§ What to produce
Everything in the listing below has to be repeated exactly, except the pictures.

======== Information supplied ========

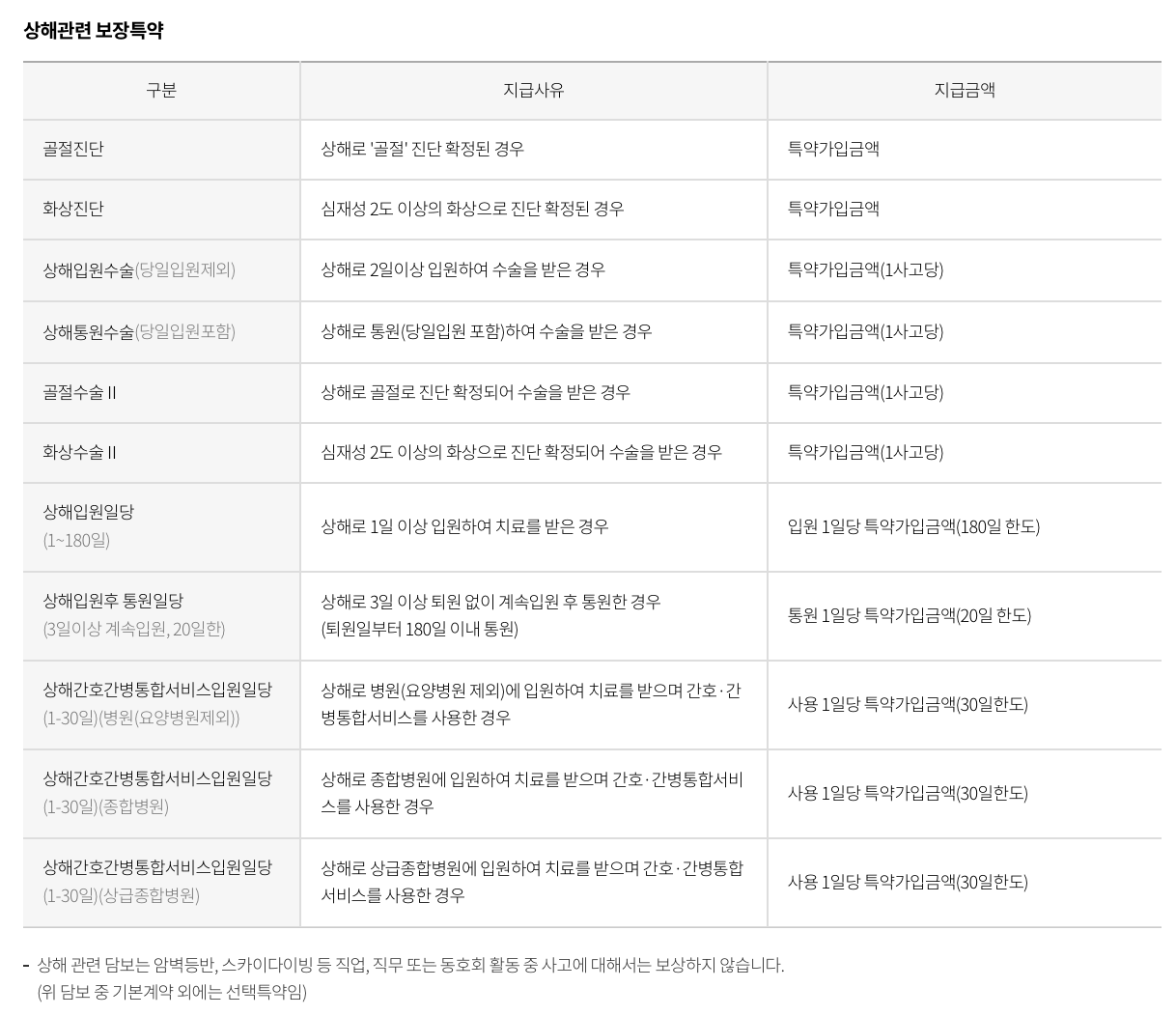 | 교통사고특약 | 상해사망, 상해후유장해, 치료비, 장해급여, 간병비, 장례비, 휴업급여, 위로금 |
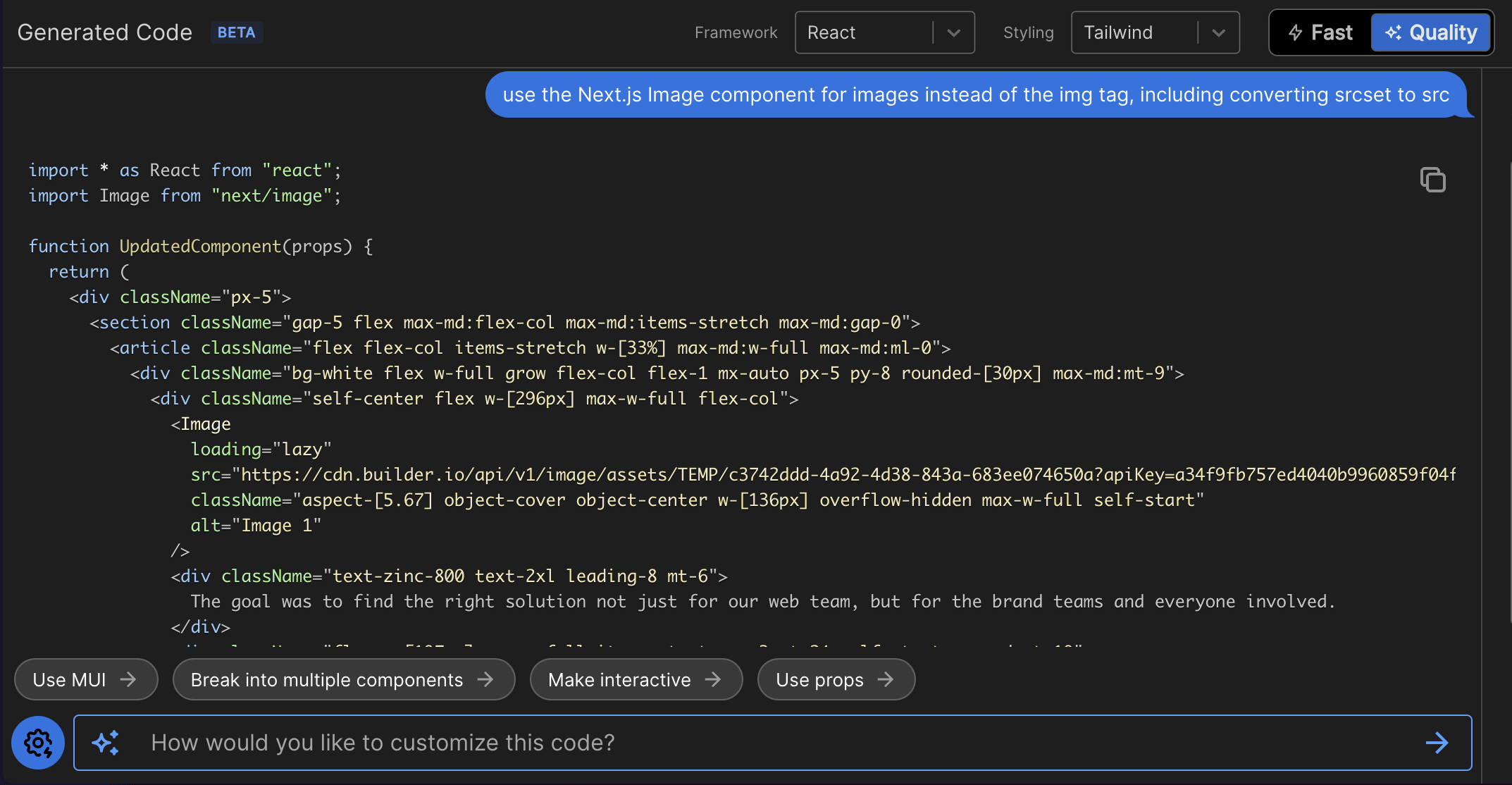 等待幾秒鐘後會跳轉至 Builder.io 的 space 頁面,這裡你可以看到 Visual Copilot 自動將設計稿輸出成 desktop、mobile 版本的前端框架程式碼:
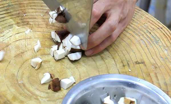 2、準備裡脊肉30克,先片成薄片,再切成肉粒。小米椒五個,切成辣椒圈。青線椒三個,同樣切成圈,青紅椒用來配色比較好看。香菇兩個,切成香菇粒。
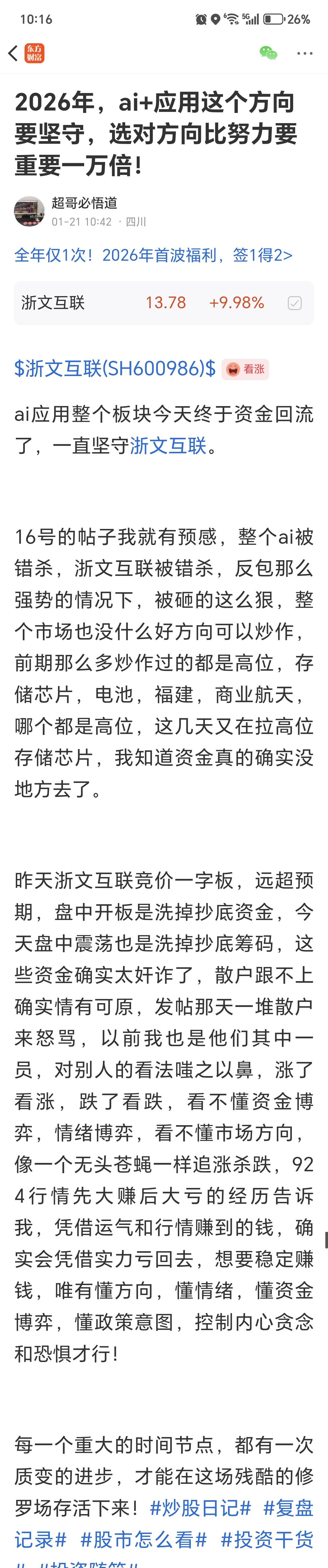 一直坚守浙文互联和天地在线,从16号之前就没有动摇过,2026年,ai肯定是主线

========

§ Output of the exercise
 | 교통사고특약 | 상해사망, 상해후유장해, 치료비, 장해급여, 간병비, 장례비, 휴업급여, 위로금 |
 等待幾秒鐘後會跳轉至 Builder.io 的 space 頁面,這裡你可以看到 Visual Copilot 自動將設計稿輸出成 desktop、mobile 版本的前端框架程式碼:
 2、準備裡脊肉30克,先片成薄片,再切成肉粒。小米椒五個,切成辣椒圈。青線椒三個,同樣切成圈,青紅椒用來配色比較好看。香菇兩個,切成香菇粒。
 一直坚守浙文互联和天地在线,从16号之前就没有动摇过,2026年,ai肯定是主线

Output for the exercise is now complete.